Без сожаления расстался Понграц со своей первой в его жизни «любовью». И не только не попрощался, но попросту бежал, представив себе, какие реки слез станет лить по нему его толстушка.

Однако титулы «коллега» и «доктор Балог» уже к чему-то обязывали. Правда, поначалу на новом месте ему было не так уж трудно. Тем более что оказать первую помощь, перевязать раненого и даже сделать простейшую операцию — осколок вынуть, например, — в суматохе последних дней осады ему доводилось не раз. Рядом — старые, опытные операционные и медицинские сестры, умелые работники, — не дадут ошибиться, даже если хотел бы! Сами подадут тебе нужный инструмент: ланцет, пинцет, пеан, — только смотри им в глаза, на их руки и — догадаешься, что дальше делать. Впрочем, и другие «хирурги» были не лучше его: студенты-медики с последних курсов института, практиканты, врачи-терапевты и даже зубные техники. В хирургии они смыслили не больше Балога и могли только предположить, что их молодой коллега — одного с ними поля ягода. «Вообще-то я гинеколог, — признался он как-то раз, попав в трудное положение». (Почему именно гинеколог?

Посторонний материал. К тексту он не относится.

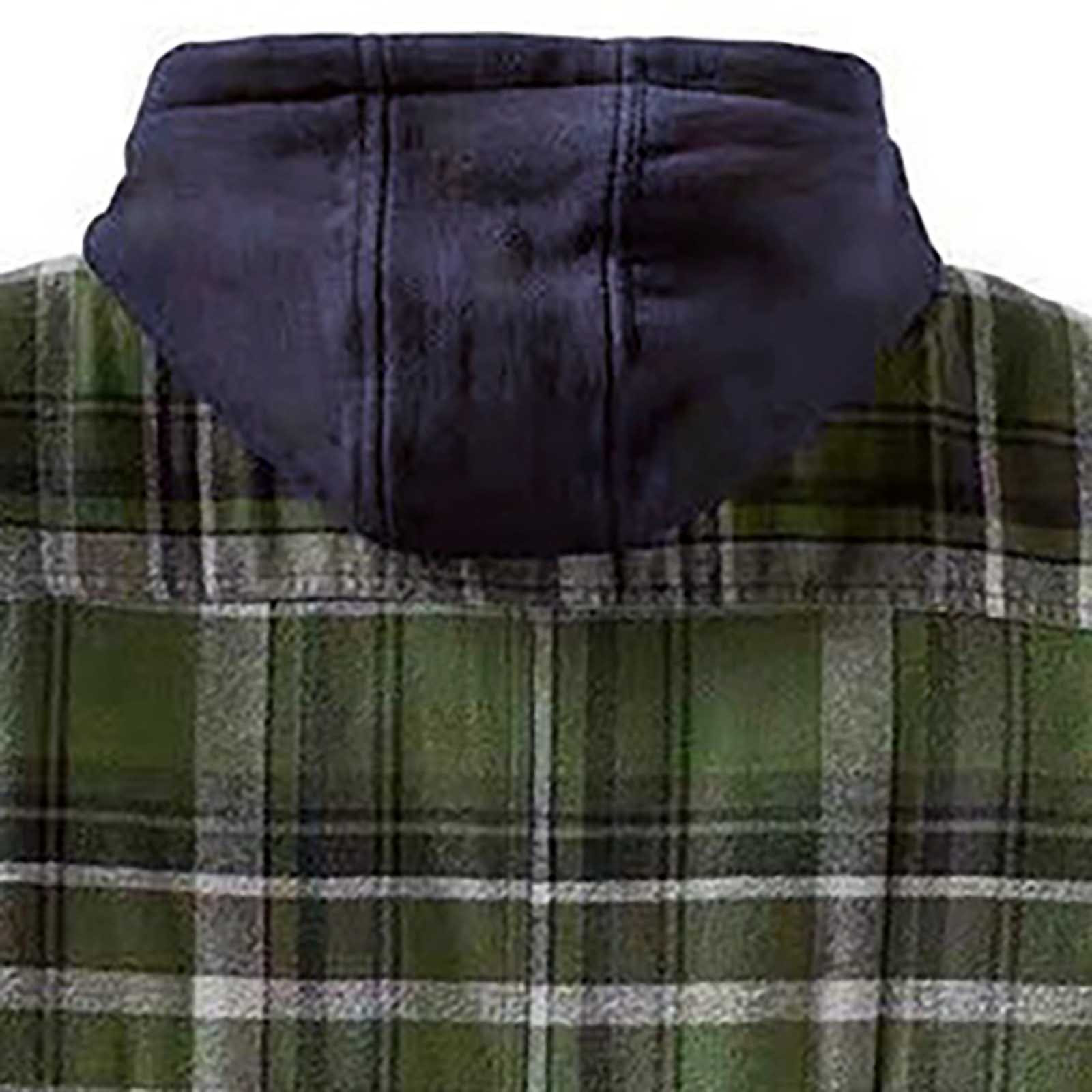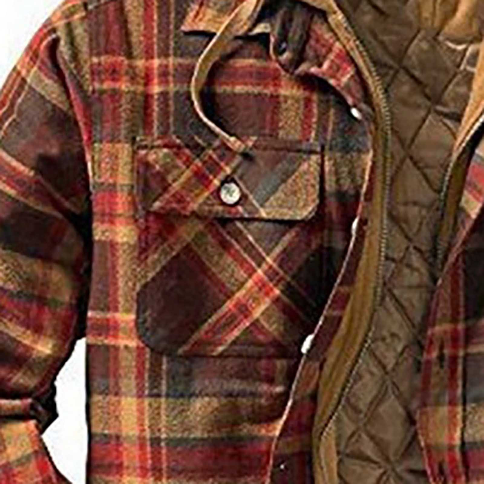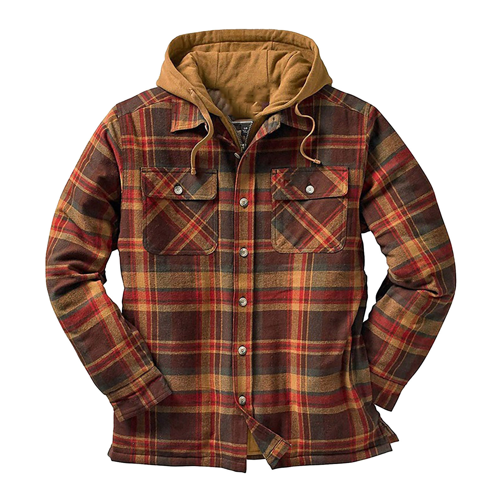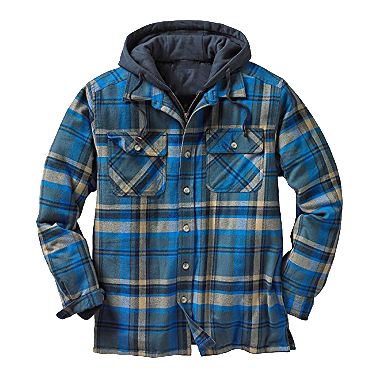 Мужская стеганая клетчатая рубашка на пуговицах с бархатом, сохраняющая тепло куртка с капюшоном
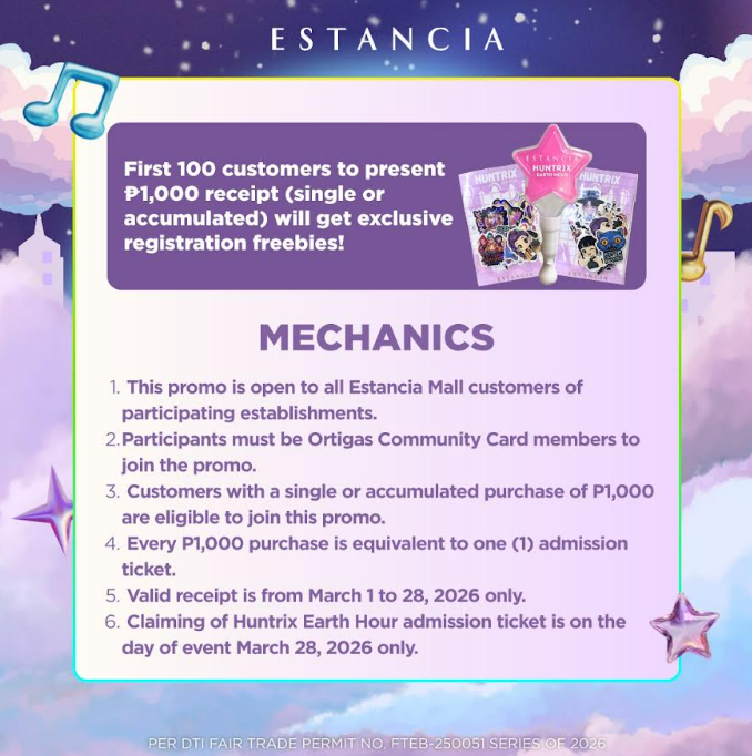 Over at Estancia, the celebration continues with Huntrix Earth Hour inspired by the hit movie K-Pop Demon Hunters. Fans can channel their inner idols and dress up as their favorite character for a chance to win exciting prizes. With the same ₱1,000 single or accumulated receipt, shoppers are in for an immersive experience inspired by the electrifying world of Huntrix.Across both malls, this is more than a fan event. It’s a celebration of music, community, and purpose. For more information, follow GH Mall on Facebook and Instagram, and Estancia Mall on Facebook and Instagram.

Во-первых, думал он, среди больных госпиталя женщин почти не было, а во-вторых, если и придется принимать роды, то акушерки — народ еще более опытный, чем хирургические сестры.)

Балогу-Понграцу этой зимой исполнилось восемнадцать, но благодаря своему огромному росту и сильному телосложению, он уже несколько лет назад мог вполне выдавать себя за двадцатилетнего. Теперь же, обзаведясь бородой, — подавно. Поэтому, когда он говорил, что ему двадцать восемь, никто в этом и не сомневался.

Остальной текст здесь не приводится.